It's been well documented that people with red hair also have a higher risk for developing certain types of skin cancer, but new research published on Thursday may shed light as to why.
It turns out that the same genetic mutation that gives people red hair also triggers a cancer-causing pathway when they are exposed to ultraviolet radiation, according to a team of researchers at the Beth Israel Deaconess Medical Center and Boston University School of Medicine.
A person's skin pigment, which can give a person red hair or fair skin, is influenced by the melanocortin-1 (MC1R) gene receptor. The MC1R mutation that underlies a person's red hair and the cancer-causing pathway (P13K/Akt) may help explain why red-headed individuals have a higher risk of developing melanoma, the most deadly type of skin cancer, accounting for 75 percent of all skin-cancer deaths.
"Our findings provide a possible molecular mechanism as to why red-haired individuals harboring MC1R mutations are much more susceptible to UV-induced skin damage than individuals with darker skin, resulting in a 10-to-100-fold higher frequency of melanoma," said co-author Wenyi Wei, in a statement.
The National Cancer Institute estimates that there will be nearly 77,000 new cases of melanoma in the United States in 2013, and close to 9,500 deaths.

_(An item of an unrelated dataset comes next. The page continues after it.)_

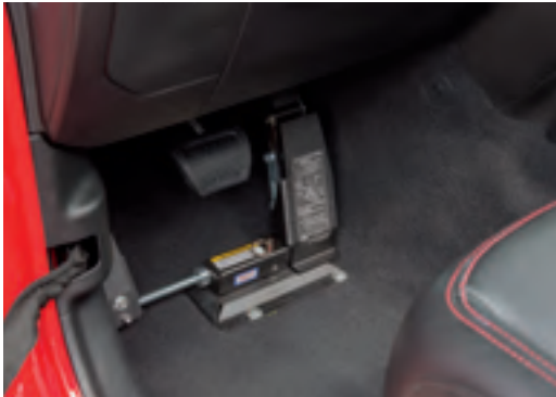
Foot-Control Pedal Extension*

Whether it's scooter hoists, rear or side wheelchair lifts, or outside wheelchair carriers, we have the equipment that's perfect for you, your vehicle and your lifestyle.*

Melanoma is the least common type of skin cancer, and is rare because it is believed to be a multi-step process of genetic mutations that eventually increase a person's susceptibility to ultraviolet radiation, the report says. Both UVA and UVB rays can mutate the DNA in a person's skin cells and lead to melanoma.
In normal cases, the MC1R gene receptor is protected from cancer by binding with the tumor-suppressing gene known as PTEN. But in red-headed individuals, PTEN was absent and there was increased activity in the cancer-causing pathway that boosted cell growth and synchronized with another gene mutation associated with melanoma.
Wei said these findings could serve as a starting point for other studies, and that it remains unclear why only MC1R mutations associated with red hair, and not other variants, are unable to bind with PTEN.